Junkers Ju-87 Stuka Discovered Off Croatian Coast

The sunken Stuka in the Mediterranean waters off Croatia. (screen capture from Hrvoslav Pavic video via Avialog.com)
The sunken Stuka in the Mediterranean waters off Croatia. (screen capture from Hrvoslav Pavic video via Avialog.com)
The sunken Stuka in the Adriatic waters off Croatia. (screen capture from Hrvoslav Pavic video via Avialog.com)

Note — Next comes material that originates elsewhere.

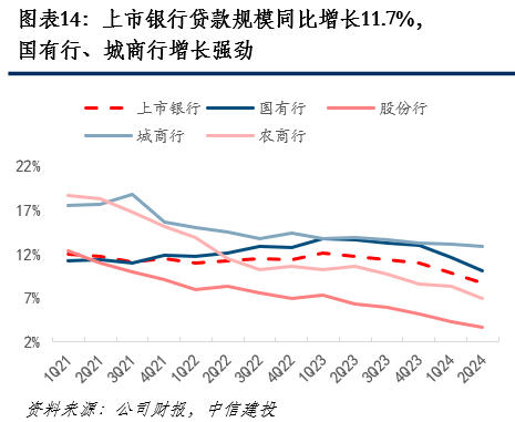 记者留意到,在有效需求偏弱和供给“挤水分”等多重因素影响下,上市银行披露的2024年半年报显示,贷款增速在放缓。Wind数据显示,今年上半年,42家A股上市银行的贷款同比增速环比下降1.1个百分点至9.0%,其中,国有银行降幅最大,贷款同比增速环比回落1.4个百分点至10.1%。
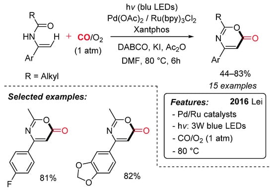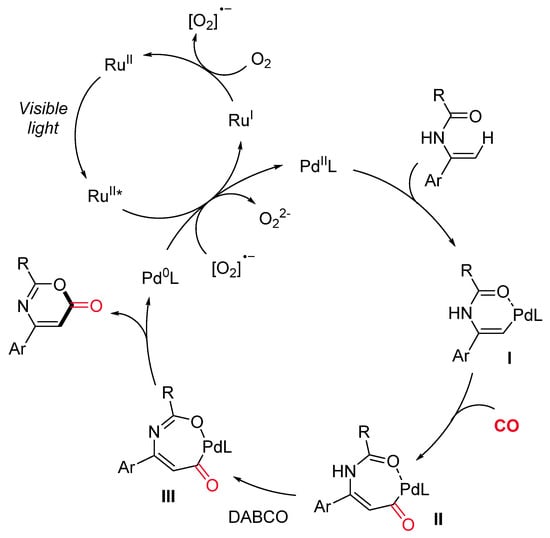 In 2016, Lei et al. disclosed a new intramolecular oxidative carbonylation of enamides as a mild and environmentally friendly protocol for the synthesis of 1,3-oxazin-6-ones. Oxygen was employed as a terminal oxidant, avoiding the need for stoichiometric amounts of metal salts, such as Cu(II) salts []. The success of the strategy relies on the combination of palladium and photoredox catalysis and, in particular, Pd(OAc)2 and Ru(bpy)3Cl2 were both used in catalytic amounts together with Xantphos as phosphine ligand (Scheme 19). The generality of the reaction was demonstrated as both electron-withdrawing and electron-donating groups, including heteroaromatic rings (furan and thiophene), were well tolerated under the optimized conditions. The authors suggest that the photocatalyst is exclusively involved in the reoxidation of palladium, as described in Scheme 20. Firstly, taking advantage of the amide group, a Pd catalyzed alkenyl C–H activation affords a vinylpalladium complex I. Then, a molecule of CO coordinates and inserts, leading to the acylpalladium intermediate II. Subsequently, DABCO enables the formation of complex III, and, finally, a reductive elimination step delivers the oxazinone product and Pd(0) species. Re-oxidation of palladium(0) can be exerted by the excited Ru(II)* leading to Pd(II)L, which restart a new catalytic cycle, and Ru(I), which, in its turn, can be oxidized back to Ru(II) by molecular oxygen. The generated superoxide anion may also oxidize the Pd(0) species by electron transfer. The presence of KI was found to improve the efficiency of this transformation, likely through coordination of palladium(II) species, while Ac2O was suggested to reduce the possible formation of inactive palladium(0) species under the CO atmosphere.

A fascinating video surfaced recently showing the remarkably intact frame of a Junkers Ju-87 Stuka in the Adriatic sea off the coast of Croatia close to the island of Žirje. Divers from the Croatian Department of Underwater Archeology, alongside  members of the diving club ZG-SUB, and the Ministry of Defense Military Museum discovered the  seventy year old wreck following details from local fishermen. The video by Hrvoslav Pavic is provided below courtesy of Avialogs.com.

Part of the Stuka's control panel, showing some surprisingly intact instruments. (video capture as noted earlier)

Part of the Stuka’s control panel, showing some surprisingly intact instruments. (video capture as noted earlier)

The Stuka is sitting on the bottom on its landing gear. It’s engine, ripped from its bearers, is lying nearby. Judging from historical records, the discoverers believe the German-made machine is actually a Ju-87R-2 operated by the Regia Aeronautica (Italian Royal Air Force), during the Axis invasion of the former Yugoslavia. The Royal Yugoslavian Army shot down two such aircraft in the local area from Squadriglia 239, Grupp0 97° on April 12th, 1941 when they were attacking a Royal Yugoslavian Navy flotilla anchored in Jadrotovac Bay near Šibenik. One of these aircraft crashed heavily with the loss of its crew, but the other ditched more gracefully, and is very likely the aircraft discovered this September.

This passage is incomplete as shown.